I used to go into the polling station, past the amusing sign that said
No ball games
Do not sit on the fence
to draw a big, hairy cock and balls on the voting slip. Spoilt paper you might think. But actually, more of a predictive tool. Every time I did that, that’s exactly who won!
Using a slightly more sophisticated method, I correctly predicted the result of the 2015 General Election, too. Way back on the 6th April 2014 (that’s 2014) I posted this:
“The Tories have already won the next general election: I was thinking about the budget and the move to allow the withdrawal of pension funds (particularly as annuities are not fit for purpose in the current low interest climate) has basically ensured that the Tories will win the next election (not least thanks to the baby boomers it affects being the dominant electorate). Unless something very strange happens between now and then it’s a fait accompli. (I prefer a hung parliament as you may know, and I’m really only interested in proving I knew they would win already so I can feel good about myself for being such a smart-arse. Just wanted to share my motivation with you all ;-)”

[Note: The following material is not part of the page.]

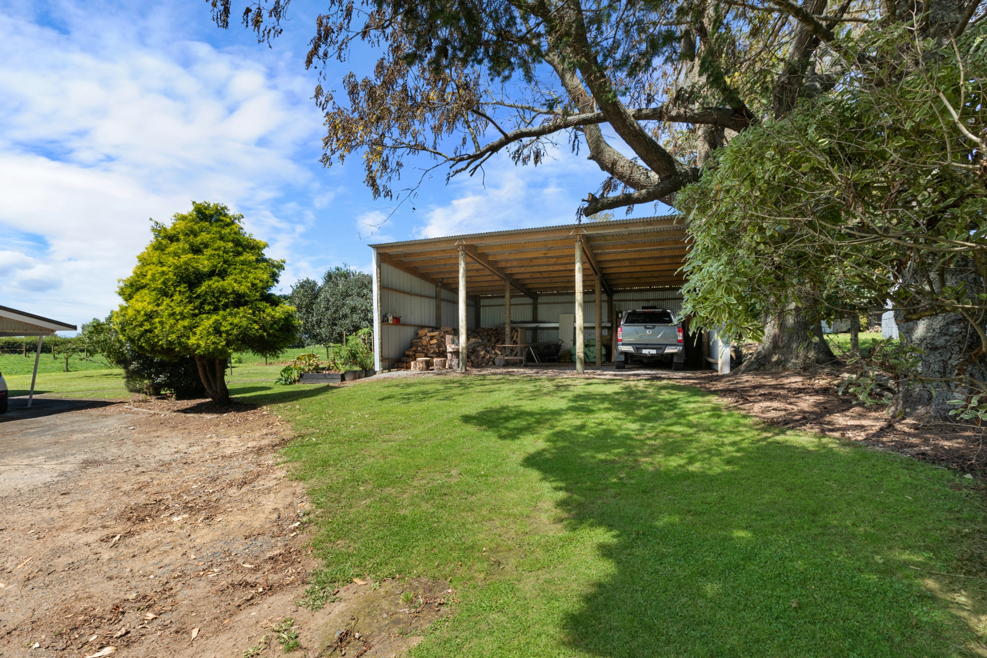 Carport and small garden shed add to the country flavor.

So that was a result. Then my analysis of the FTSE 100 around election time panned out nicely as well. If you recall from the article (issue 2 of MI Magazine), I showed that in the 18 elections since the war we’d seen a variance (i.e. move up or down) of at least 0.5% from the closing price on polling day, over the next 5 trading days. In 15 of the 18 elections there was a variance of over 1%. Since we’re in a bull market – and pretty much irrespective of who wins an election the FTSE 100 follows the global markets, in particular the US markets – we could expect a move up. As you can see from the two charts (one intra-day and one daily) the move was a little under 3%. It was upwards as we would expect, in line with global markets, and also because uncertainty tends to discount.
In analysing stocks and markets we are always looking for high probability. A lot of the time the secret is to look for it in places others aren’t looking. This exercise, which wasn’t particularly complicated, really involved analysing what had happened in the past, and looking for a high correlation so we could be reasonably sure that it would repeat what had happened in the past. And that’s exactly what took place. All the information in this case was available freely on the internet. The point is you don’t need a Bloomberg terminal, or to get tips from so-called analysts. You could do this yourself. All you need is a bit of time to do it properly. I used a spread sheet, but even the analysis could have been done manually.
Simple and effective is just as good as complicated and effective. I would say almost all of trading is preparation. If you haven’t done the leg work then you won’t be able to make confident decisions quickly enough to be effective, or to remove the costly emotional element from your actions.